Exercise prompt —
Look below for the line with "Göz altı problemlerine" and the line with "Kranjski furmani so". Copy exactly those two lines and every line between, but not the pictures.

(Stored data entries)
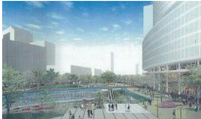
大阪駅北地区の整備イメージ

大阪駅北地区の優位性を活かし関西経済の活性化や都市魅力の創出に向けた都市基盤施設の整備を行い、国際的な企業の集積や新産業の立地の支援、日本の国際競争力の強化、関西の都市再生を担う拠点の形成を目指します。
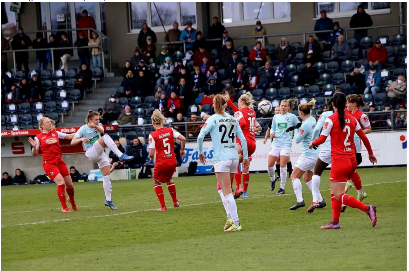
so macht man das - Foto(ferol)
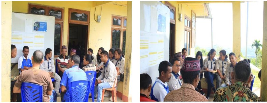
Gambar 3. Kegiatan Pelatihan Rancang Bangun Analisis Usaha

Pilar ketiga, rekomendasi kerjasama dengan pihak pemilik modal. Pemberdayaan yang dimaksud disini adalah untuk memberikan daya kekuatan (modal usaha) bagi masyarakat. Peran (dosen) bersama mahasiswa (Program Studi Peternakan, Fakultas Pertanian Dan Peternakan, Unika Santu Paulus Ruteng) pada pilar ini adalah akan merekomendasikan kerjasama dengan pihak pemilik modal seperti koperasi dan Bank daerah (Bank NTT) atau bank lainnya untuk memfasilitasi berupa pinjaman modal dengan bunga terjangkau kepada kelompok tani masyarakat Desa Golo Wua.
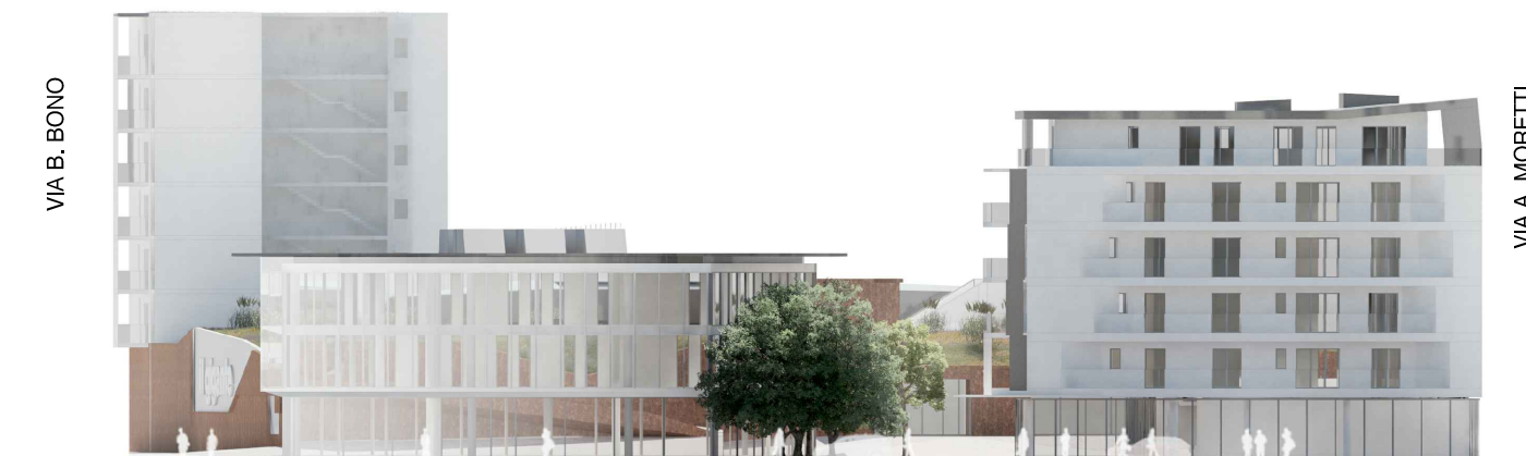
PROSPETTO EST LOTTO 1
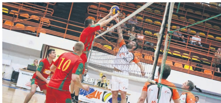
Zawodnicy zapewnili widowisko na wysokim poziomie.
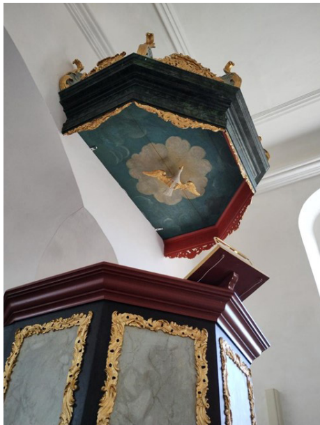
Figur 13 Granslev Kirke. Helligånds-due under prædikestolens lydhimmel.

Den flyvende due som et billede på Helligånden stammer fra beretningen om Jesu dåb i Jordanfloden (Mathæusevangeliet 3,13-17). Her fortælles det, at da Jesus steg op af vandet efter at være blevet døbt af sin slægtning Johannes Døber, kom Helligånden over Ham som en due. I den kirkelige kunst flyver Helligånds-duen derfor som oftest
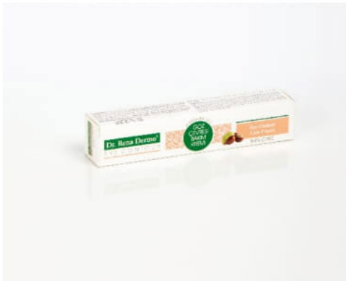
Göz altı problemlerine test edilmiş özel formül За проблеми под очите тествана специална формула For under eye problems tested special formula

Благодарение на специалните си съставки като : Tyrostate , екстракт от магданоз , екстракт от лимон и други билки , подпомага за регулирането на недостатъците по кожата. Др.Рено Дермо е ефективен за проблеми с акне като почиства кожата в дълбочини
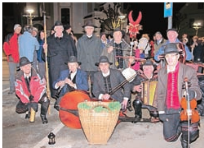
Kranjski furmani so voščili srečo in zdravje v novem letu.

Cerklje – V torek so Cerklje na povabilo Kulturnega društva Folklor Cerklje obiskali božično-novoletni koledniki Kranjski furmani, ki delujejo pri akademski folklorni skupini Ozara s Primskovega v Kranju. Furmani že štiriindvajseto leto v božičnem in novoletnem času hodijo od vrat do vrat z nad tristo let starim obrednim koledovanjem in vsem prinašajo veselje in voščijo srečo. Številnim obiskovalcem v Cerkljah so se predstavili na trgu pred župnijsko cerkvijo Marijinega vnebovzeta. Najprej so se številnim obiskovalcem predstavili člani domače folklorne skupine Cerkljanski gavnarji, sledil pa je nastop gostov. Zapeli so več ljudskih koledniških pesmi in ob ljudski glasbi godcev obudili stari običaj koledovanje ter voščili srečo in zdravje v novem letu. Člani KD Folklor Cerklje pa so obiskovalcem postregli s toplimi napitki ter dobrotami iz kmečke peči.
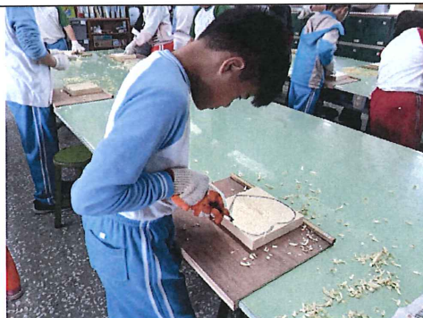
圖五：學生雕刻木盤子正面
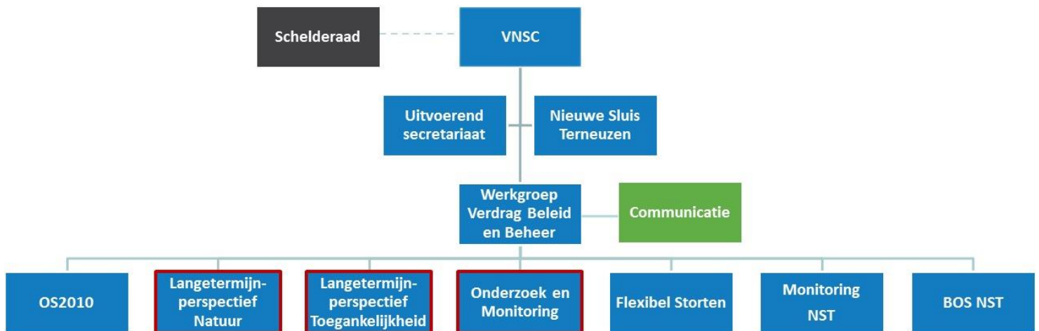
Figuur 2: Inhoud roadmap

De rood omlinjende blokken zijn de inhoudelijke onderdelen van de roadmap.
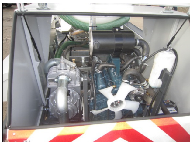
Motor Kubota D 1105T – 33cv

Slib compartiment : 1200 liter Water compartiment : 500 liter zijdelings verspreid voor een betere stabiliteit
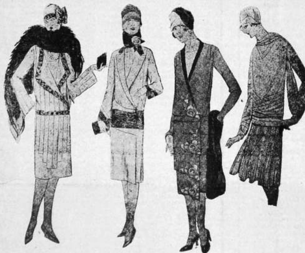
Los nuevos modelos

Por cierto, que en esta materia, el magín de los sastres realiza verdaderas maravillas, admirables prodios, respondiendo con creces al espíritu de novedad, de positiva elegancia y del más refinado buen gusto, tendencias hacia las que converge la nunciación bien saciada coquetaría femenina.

Solution below —
Göz altı problemlerine test edilmiş özel formül За проблеми под очите тествана специална формула For under eye problems tested special formula

Благодарение на специалните си съставки като : Tyrostate , екстракт от магданоз , екстракт от лимон и други билки , подпомага за регулирането на недостатъците по кожата. Др.Рено Дермо е ефективен за проблеми с акне като почиства кожата в дълбочини
Kranjski furmani so voščili srečo in zdravje v novem letu.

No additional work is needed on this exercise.